Não é exagero afirmar que, nesse terreno fértil, grupos religiosos encontram espaço para disseminar suas verdades, não raro, de forma preconceituosa, desrespeitando o direito de outras pessoas de professarem a fé que desejam. Eis o problema do proselitismo religioso e sua interpretação de mundo unívoca, que ao combater a pluralidade de pensamento, descambam para o excesso.

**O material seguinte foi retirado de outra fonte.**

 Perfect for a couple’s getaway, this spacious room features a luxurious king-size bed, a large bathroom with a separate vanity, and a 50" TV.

Essa busca incansável por um padrão universal em um mundo plural e com diferentes cosmovisões gera atritos desnecessários, uma vez que enquanto lutamos para impor a nossa verdade, deixamos de lutar por um mundo com menos sofrimento. Como diria Fábio Brazza, em sua música De volta ao passado: “Os filhos do futuro dizem: Não nos desapontem Somos herdeiros dos erros de ontem”. Será que essa busca por uma verdade absoluta e por valores universais que ignoram a pluralidade e a complexidade da existência humana é em alguma medida benéfica?

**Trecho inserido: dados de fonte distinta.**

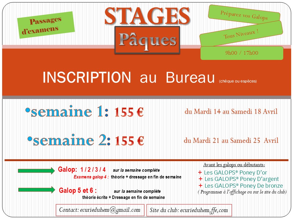 Info : Dans la mesure du possible, merci de prévenir de toute absence par email : ecurieduhem@gmail.com

Os platônicos acreditavam e difundiam uma ordem natural que deveria ser descoberta e perseguida, pois assim todos encontrariam a essência da vida, o que os pré-socráticos denominavam de arqué.

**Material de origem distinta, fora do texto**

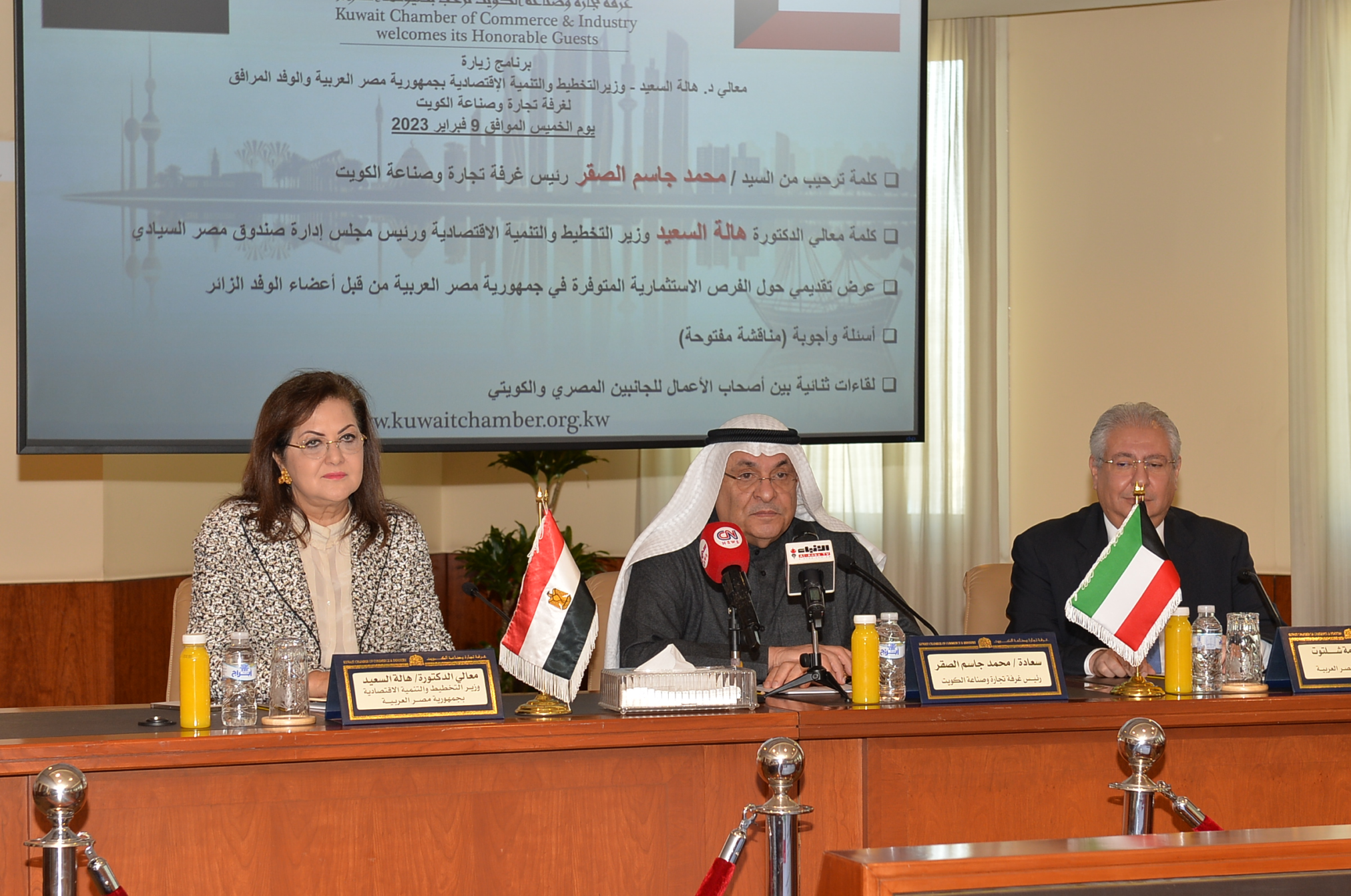 استقبلت غرفة تجارة وصناعة الكويت، يوم الخميس 9 فبراير 2023، وفدا اقتصاديا مصريا برئاسة معالي وزيرة التخطيط والتنمية الاقتصادية ورئيسة مجلس إدارة صندوق مصر السيادي الدكتورة هالة السعيد وعدد من مسؤولي الصندوق السيادي المصري، وقد ترأس الجانب الكويتي السيد محمد جاسم الصقر رئيس غرفة تجارة وصناعة الكويت، وبحضور سعادة السفير المصري لدى الكويت السيد أسامة شلتوت، وعدد من أعضاء مجلس إدارة الغرفة، ومستثمرين من القطاع الخاص، وتأتي هذه الزيارة بعد تنسيق مسبق مع الجهات الرسمية المختصة، حيث قام الوفد الزائر بعقد لقاءات أخرى مع عدد من الجهات.

Retornamos aos gregos, origem de toda essa discussão! Cabe então encerrarmos assim: “é que Narciso acha feio o que não é espelho”.
Talvez a nossa compreensão de mundo esteja muito limitada pelas nossas experiências e pelas categorias generalizantes da linguagem. Talvez a inclusão de pessoas diferentes em uma categoria universal e uniforme que chamamos de ser humano dificulte a nossa compreensão do outro. Se para entender o outro ele deve ser igual a mim, então caminhamos cada vez mais para um mundo de intolerância.
Referências Bibliográficas
BRAZZA, Fábio. De volta para o passado. Disponível em: https://www.youtube.com/watch?v=vn-UCicOdSo
COSTA, Alexandre. A filosofia grega. Arcos, 2020. Disponível em https://novo.arcos.org.br/a-filosofia-grega/
COSTA, Alexandre. A Filosofia e os paradoxos da linguagem. Arcos, 2020. Disponível em https://novo.arcos.org.br/a-filosofia-e-os-paradoxos-da-linguagem-2/
MANSO, Bruno Paes. A República das Milícias: dos esquadrões da morte à era Bolsonaro. São Paulo: Todavia, 2020.
MOLLO, Juan Pablo. O delinquente que não existe. Salvador: Juspodivm, 2016.